Fernando Alibi: Availing healthy sweetpotato planting material to farmers in Mozambique’s Niassa Province

Net tunnel management

Fernando Alibi (in orange t-shirt), a farmer in Chimbunila District of Mozambique joins CIP’s Mario Jaisse to produce a video on the management of net tunnels

September 2016:

In Choulue locality, Chimbunila district—Mozambique— Fernando Alibi, has finished constructing his net tunnel and is anxiously waiting for vines. He has been growing the orange-fleshed sweetpotato (OFSP) varieties from 2014, and has been selected as one of the few Decentralized Vine Multipliers (DVMs)—model sweetpotato farmers who conserve and multiply vines during the dry season, and then distribute to other farmers close to the rainy season. Soon, Mario Jaisse, an agronomist for the International Potato Center (CIP) in Niassa, arrives with vines of the orange-fleshed Delvia variety. Together, Jaisse and Alabe plant the vines in the net tunnel, and carefully close it.

For the next two and a half months,  i (Alibi) will only open the net tunnel twice: first to pull out weeds, and when they are ready, to cut the vines and transfer them into an open field for the next stage of multiplication.  Until then, i will water the plants carefully from the outside, and regularly check to ensure that the netting has no holes. The purpose of the net tunnel is to protect sweetpotato planting material from getting into contact with pests, which could transmit diseases.
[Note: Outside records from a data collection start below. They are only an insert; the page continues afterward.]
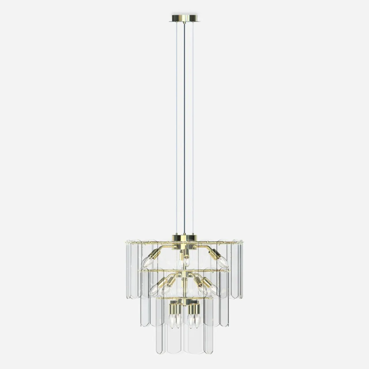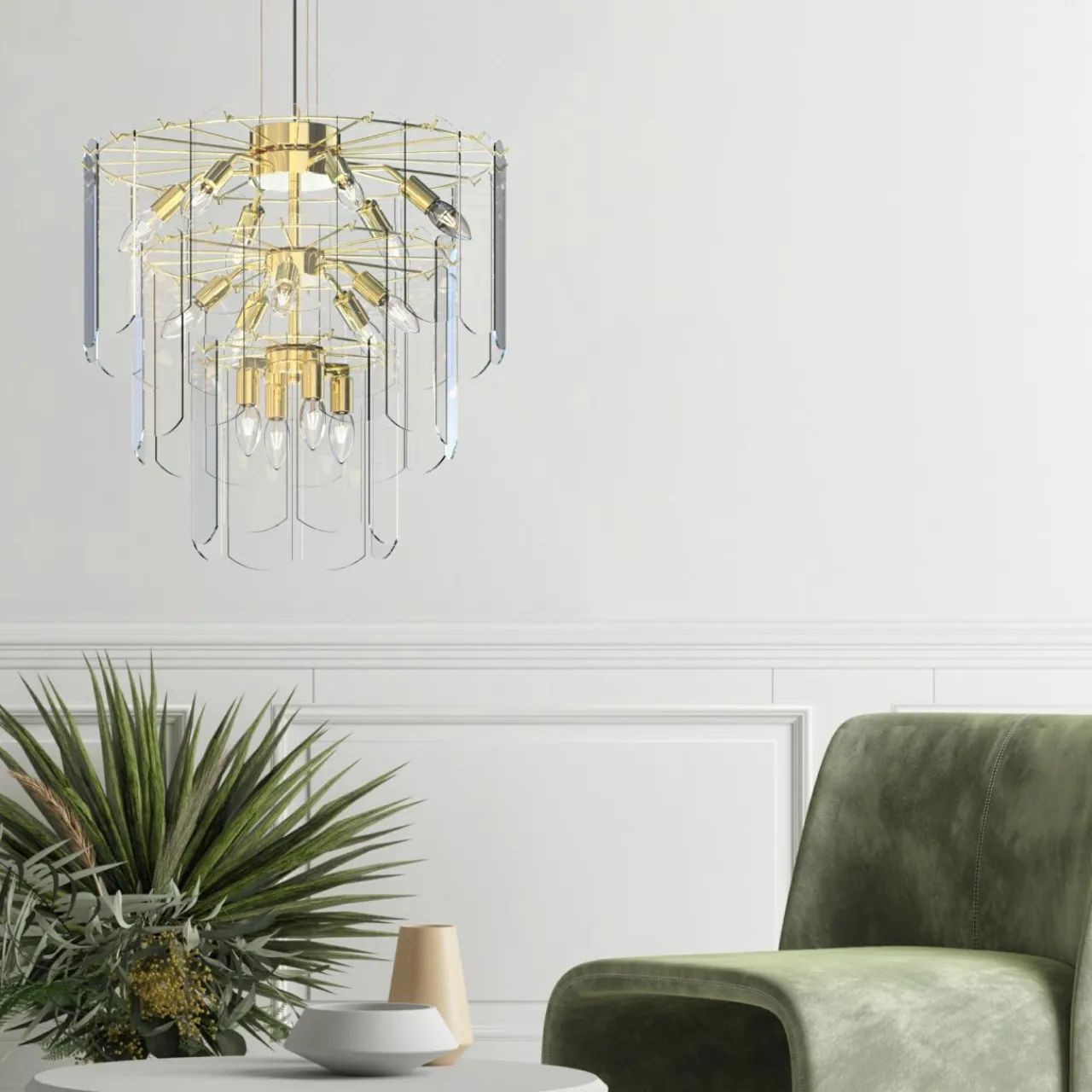 - Modny kształt lampy oparty jest ozdobach o regularnym kształcie, wykonanych z transparentnego szkła. Wykończenie lampy łączy złoto oprawy z kloszem, wewnątrz którego doskonale widać kształty 14 żarówek.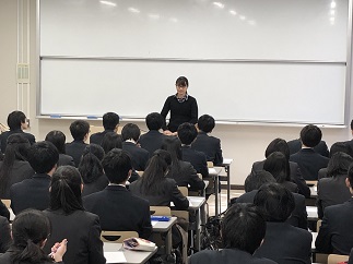 その後、信州大学に通う本校の卒業生から、進路選択や日々の学習法など、当時の学校生活を具体的に話していただく講演がありました。生徒たちは先輩の言葉に耳を傾け、積極的にメモを取っていました。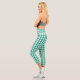 Stylish capri leggings with a green and white trendy buffalo plaid lumberjack checked pattern print.
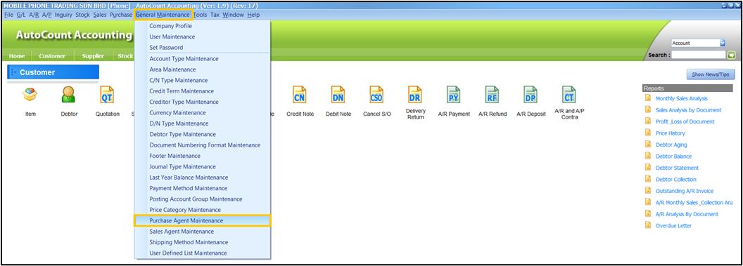 Upon logging in to Autocount Desktop, on the Ribbon Tab, click General Maintenance > Purchase Agent Maintenance.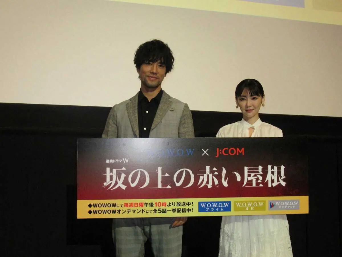 俳優の桐谷健太(44)、倉科カナ(36)が7日、大阪市内で開かれたWOWOWドラマ「坂の上の赤い屋根」(3日配信スタート)の第1話の完成披露試写会の舞台あいさつに登壇。大阪・天六出身の桐谷は「久しぶりの大阪。うれしい。すごく重厚な話。登場人物それぞれの黒い渦が重なり合っていく作品です」とPR。倉科は「人間の業がすごく色濃く描かれていて、共感できるところもあります」と見所を訴えた。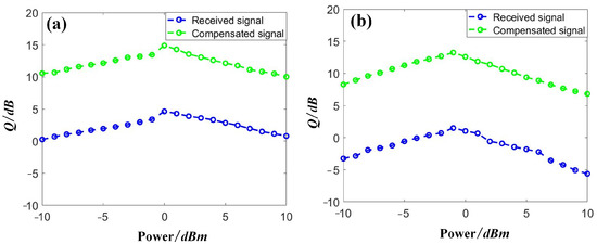 Distorted and compensated DQPSK signals with launched optical powers in (a) Channel 1 and (b) Channel 5.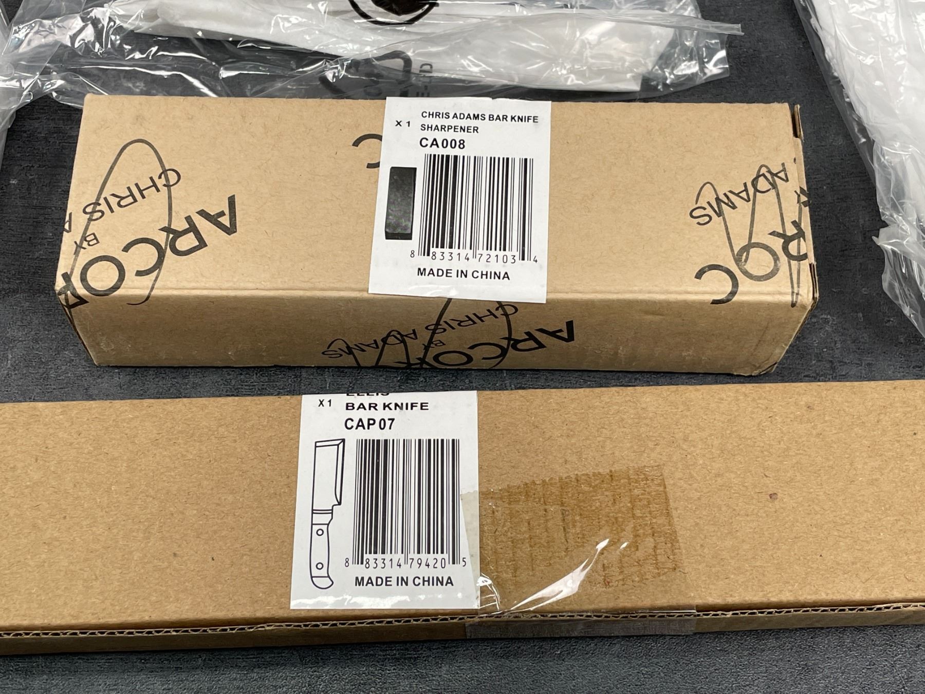 [New In Box,] (1) fine mesh strainer (1) tear drop bar spoon (1) ice tong (1) muddler (1) bar knife (1) knife sharpening stone (2) 28 oz. shaker tins (2) 20 oz. shaker tins (2) dual-sided paddle bar spoons (2) bell jiggers (2) Hawthorne strainers (2) Julep strainers (3) garnish / plating tweezers
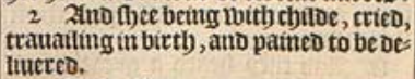 2 And shee being with childe, cried, trauailing in birth, and pained to be deliuered.
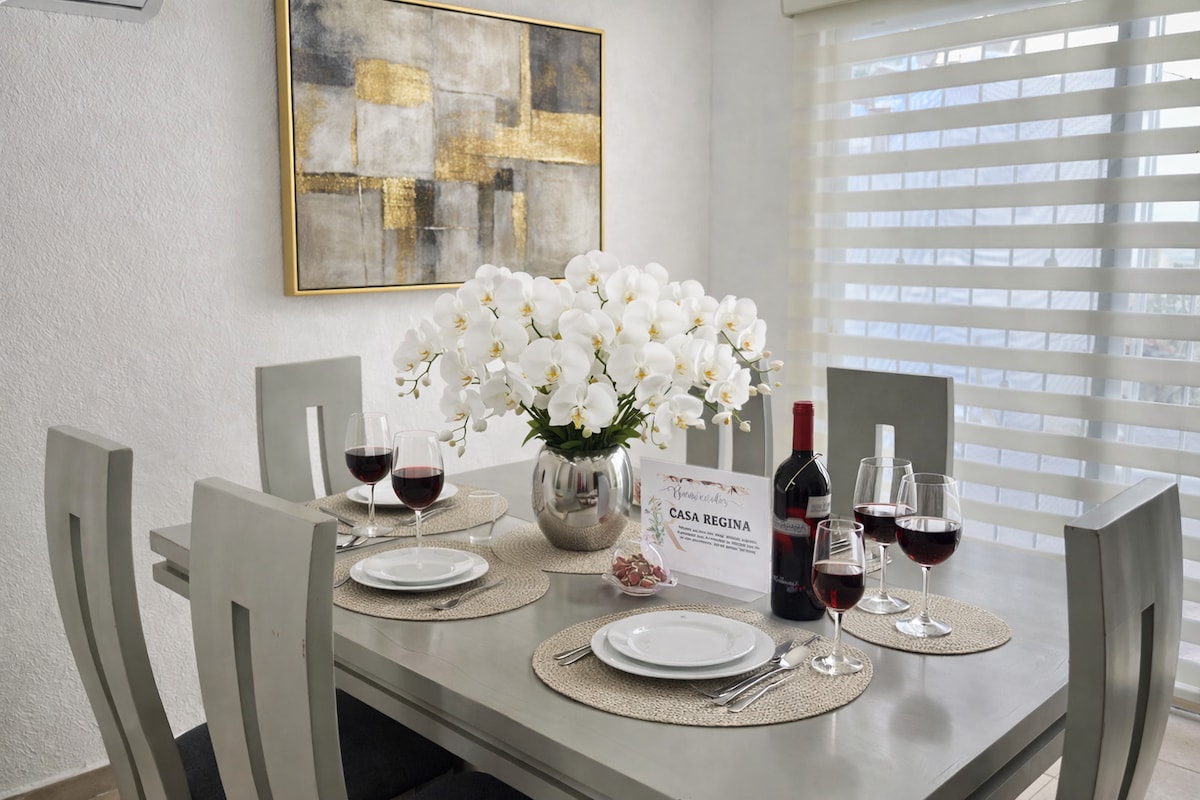 Casa completa de 3 recamaras muy buena ubicación, zona residencial-comercial, cuenta con 3 Habitaciones, 4 camas, p/ hasta 10 huéspedes, 2 baños completos y 2 medio baños, sala con TV Smart de 75 ", comedor para 6 pax, cocina con refrigerador, microonda, estufa y utensilios básicos de cocina; Encontraras un área de lavado con secadora incluida, incluye un GYM doméstico. En esta casa encontrarás un lugar completamente privado y a un precio accesible descubrir todas las maravillas de esta ciudad.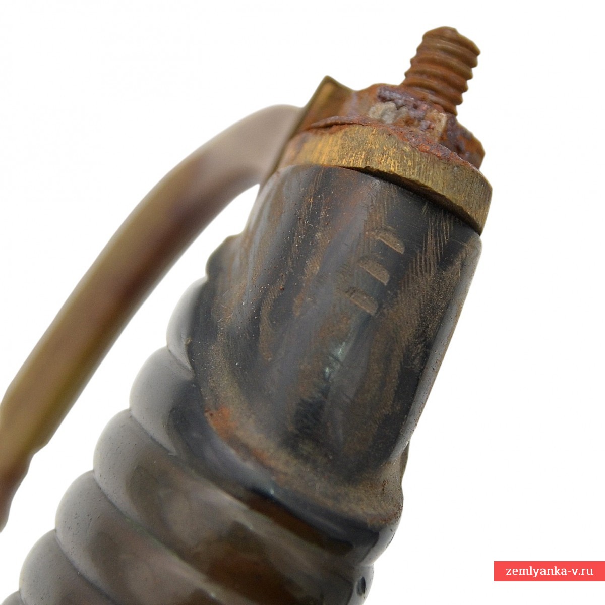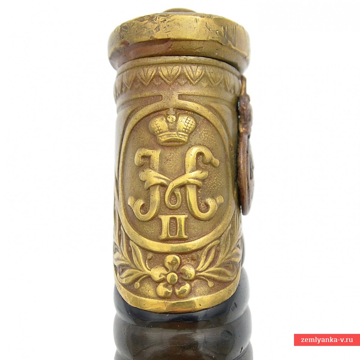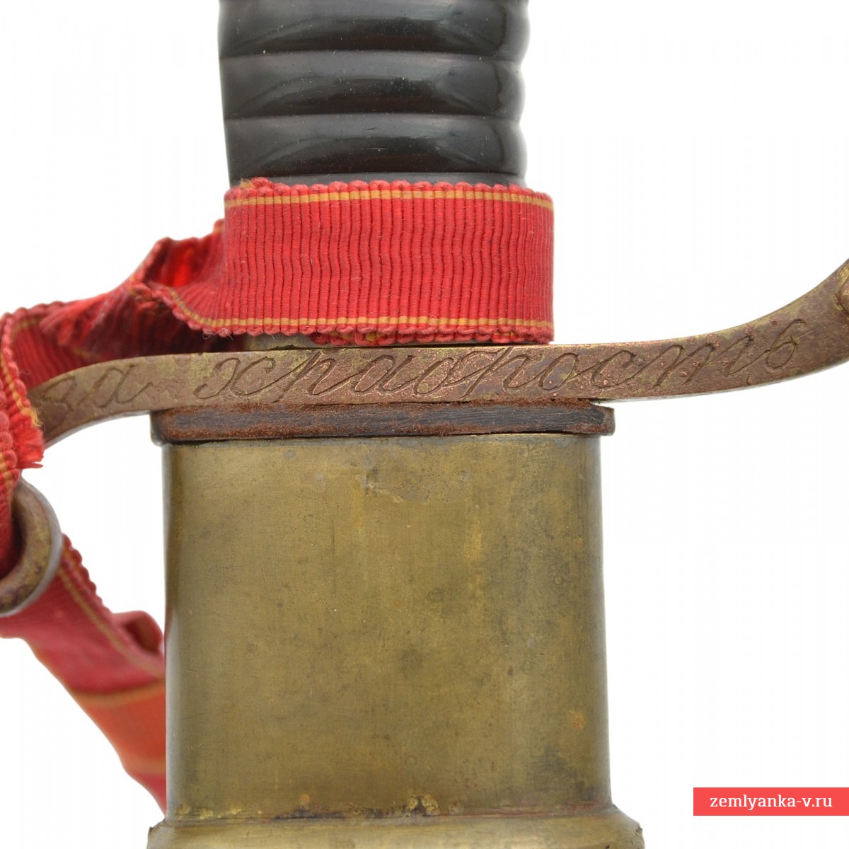 Эфес состоит из рукояти и латунной гарды. Рукоять бакелитовая, овального сечения, с глубокими поперечными желобками, с небольшим расширением в средней части; верхняя часть черена отогнута в сторону клинка. Внизу на рукояти расположена гладкая фигурная латунная втулка. Навершие рукояти латунное, стаканчиком, с оттянутым вдоль спинки язычком и овальным выпуклым завершением в виде навинчивающейся на хвостовик крышечки. Навершие декорировано литой низкорельефной композицией, включающей в себя: в центральной части – овальный медальон с монограммой «Н II» под короной (вензель императора Российской империи Николая II, в годы правления которого владелец шашки получил свой первый офицерский чин); вдоль верхнего края – узкий поясок растительно-геометрического орнамента; вдоль нижнего края – изображение цветка с исходящими от него в обе стороны (влево и вправо) лавровыми ветвями. Фиксирует эфес и клинок латунная закрутка. На навершии сбоку слева установлен знак ордена Святой Анны 4-й степени. Гарда образована одной передней дужкой, исходящей от навершия и, плавно изгибаясь, переходящей в узкую крестовину, конец которой загнут в сторону клинка и имеет круглое сквозное отверстие для крепления темляка. В центральной части с обеих сторон передняя дужка декорирована высокорельефными литыми изображениями широкого пояска и лавровых ветвей в линейной окантовке, исходящих от него в обе стороны (вверх и вниз). На крестовине с обеих сторон нанесена надпись «За храбрость» разным шрифтом.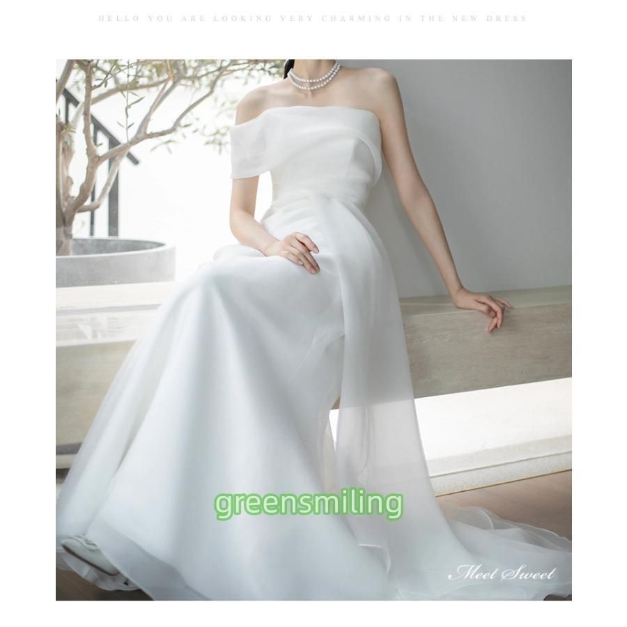 ウェディングドレス ロングドレス マーメイドライン オフショルダー 二次会 結婚式 前撮り 花嫁 ウエディングドレス サテン 挙式 韓国風 ブ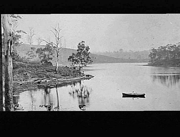 'Unknown'. View of wide river or inlet. A small boat is in the middle.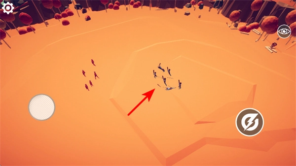 3、按照红色箭头的指引操作,点击敌方单位集中的区域,我方单位就会朝着该区域移动并展开攻击,从而引发双方单位的正面交锋。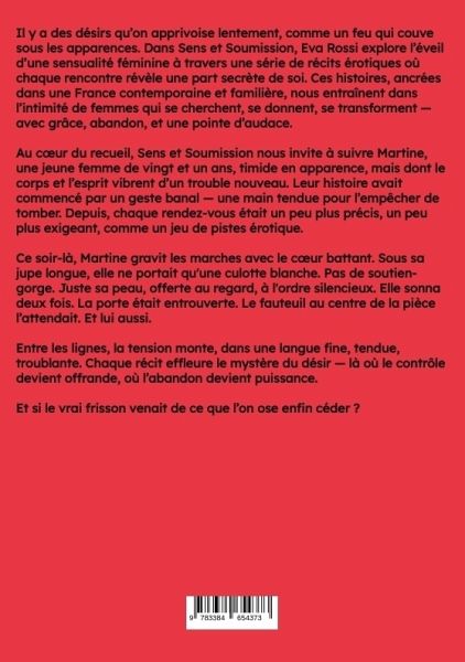 Il y a des désirs qu'on apprivoise lentement, comme un feu qui couve sous les apparences. Dans Sens et Soumission, Eva Rossi explore l'éveil d'une sensualité féminine à travers une série de récits érotiques où chaque rencontre révèle une part secrète de soi. Ces histoires, ancrées dans une France contemporaine et familière, nous entraînent dans l'intimité de femmes qui se cherchent, se donnent, se transforment - avec grâce, abandon, et une pointe d'audace.Au coeur du recueil, Sens et Soumission nous invite à suivre Martine, une jeune femme de vingt et un ans, timide en apparence, mais dont le corps et l'esprit vibrent d'un trouble nouveau. Leur histoire avait commencé par un geste banal - une main tendue pour l'empêcher de tomber. Depuis, chaque rendez-vous était un peu plus précis, un peu plus exigeant, comme un jeu de pistes érotique.Ce soir-là, Martine gravit les marches avec le coeur battant. Sous sa jupe longue, elle ne portait qu'une culotte blanche. Pas de soutien-gorge. Juste sa peau, offerte au regard, à l'ordre silencieux. Elle sonna deux fois. La porte était entrouverte. Le fauteuil au centre de la pièce l'attendait. Et lui aussi.Entre les lignes, la tension monte, dans une langue fine, tendue, troublante. Chaque récit effleure le mystère du désir - là où le contrôle devient offrande, où l'abandon devient puissance.Et si le vrai frisson venait de ce que l'on ose enfin céder ?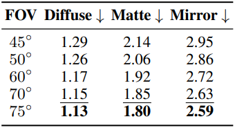 다음은 LoRA scale, 카메라 FOV, 카메라 고도에 대한 ablation study 결과이다.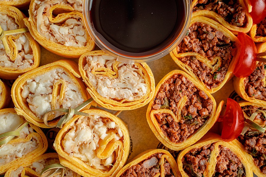 (2) «Осетинская мелодия» – сырная начинка из Адыгейского сыра и Сулугуни (24 шт.).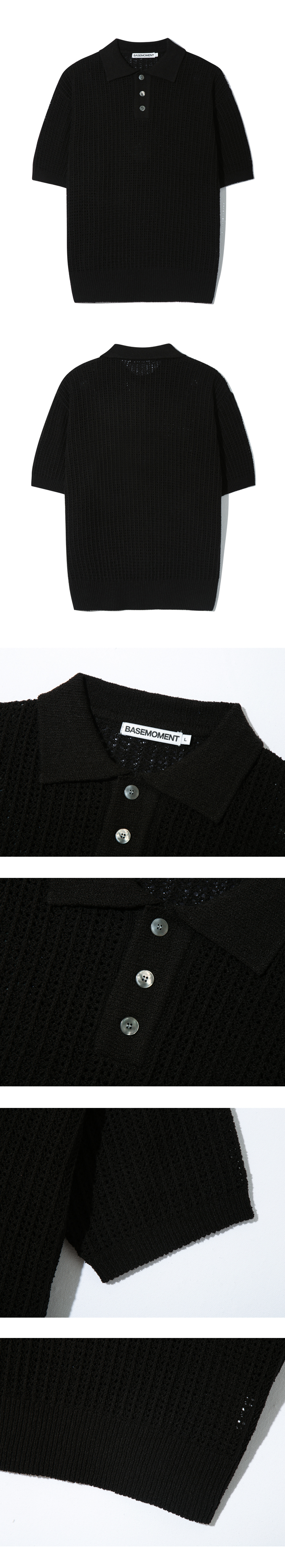 크로쉐 버튼 카라 니트 블랙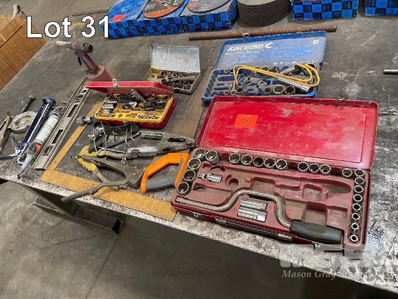 ASSORTED SOCKETS & HAND TOOLS, AIR RIVETER, SQUARE, LEVEL, WAD PUNCHES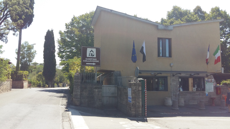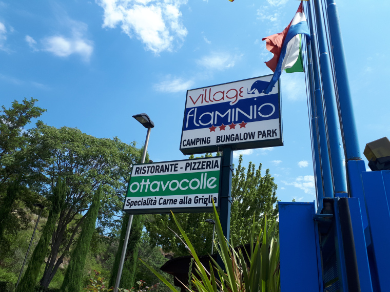 Vrijdag 27 juli kwart over 7 op pad. Gelijk van het meer af klimmen en duwen dus. Ondanks dat ik in de buurt van Rome was, deed dat niets af aan het klimmen en dalen. Tot Prima Porto de route goed te volgen, daarna zoeken en vragen. Uiteindelijk toch het eindpunt van mijn fietstocht de camping Village Flaminia aan de rand van Rome gevonden. Grote camping met zwembad, bar en restaurant. Tentje neergezet, Leny gebeld dat ik er was en daarna bij het zwembad een biertje en een liter koud water gedronken.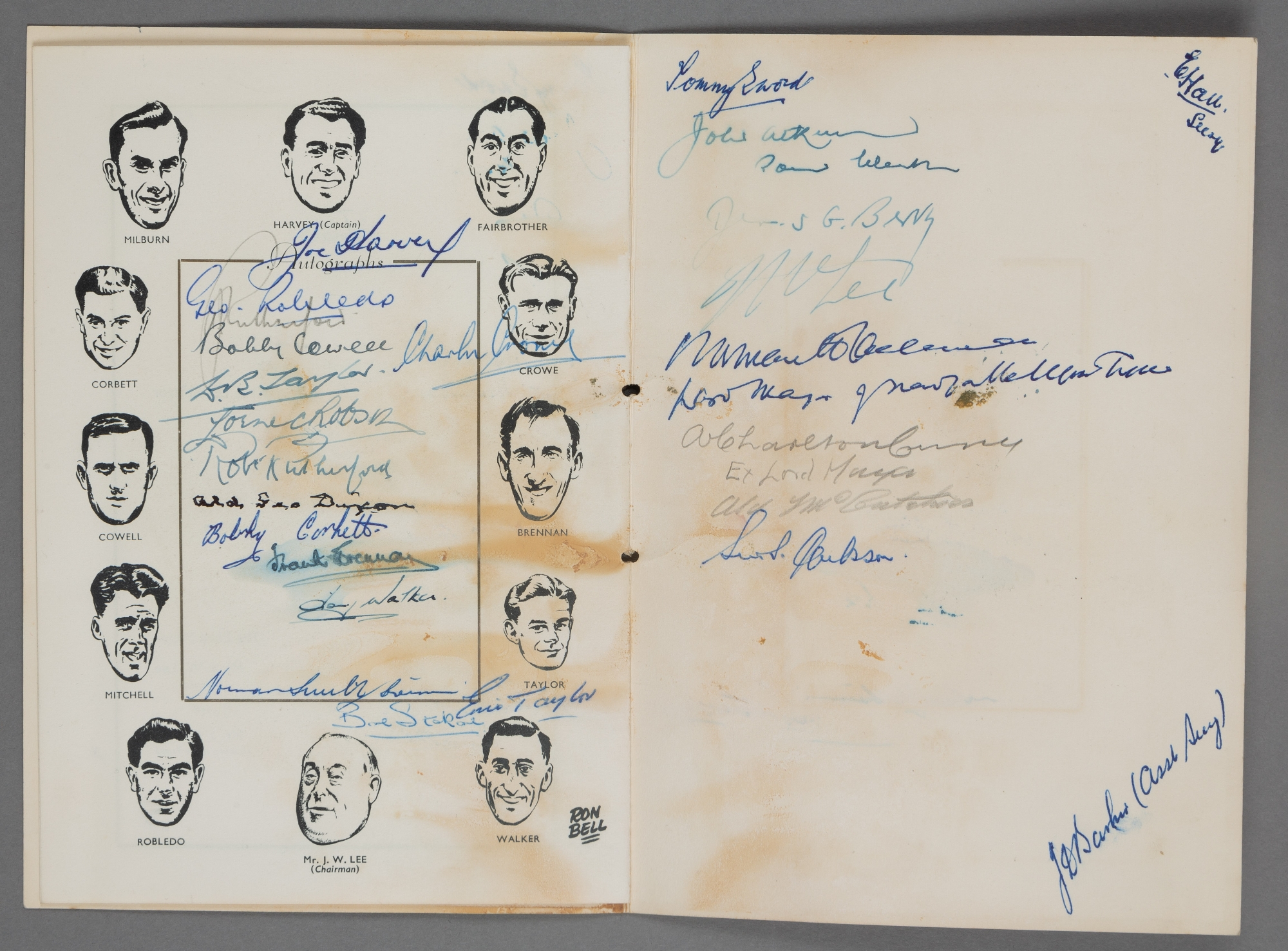 George Robledo's Newcastle United signed F.A. Cup final dinner menu, held at Mansion House, 8th May 1951, 8-page menu with card cover, signed on inside back cover by members of the Newcastle United's winning team in pen and pencil, including Harvey, Robledo, Cowell, Taylor, Corbett, Walker, Brennan, Bob Stokoe, J.W Lee (chairman), and others, slightly water damaged with staining The George Robledo Collection (Lots 1133 to 1143) Provenance: By family descent. The Property of George’s daughter Elizabeth Robledo.

With the net tunnel, we’re able to improve the quality of vines, which then helps us to increase our yield. In December, I will plant the vines in a small field that has good conditions, and does not have pests and diseases. Between January and February, I will cut the vines and plant them in a larger field to produce roots.

Alibi does not produce vines for his farm only. He is part of a wider network that supplies farmers in Niassa Province of Mozambique with clean, disease-free planting material.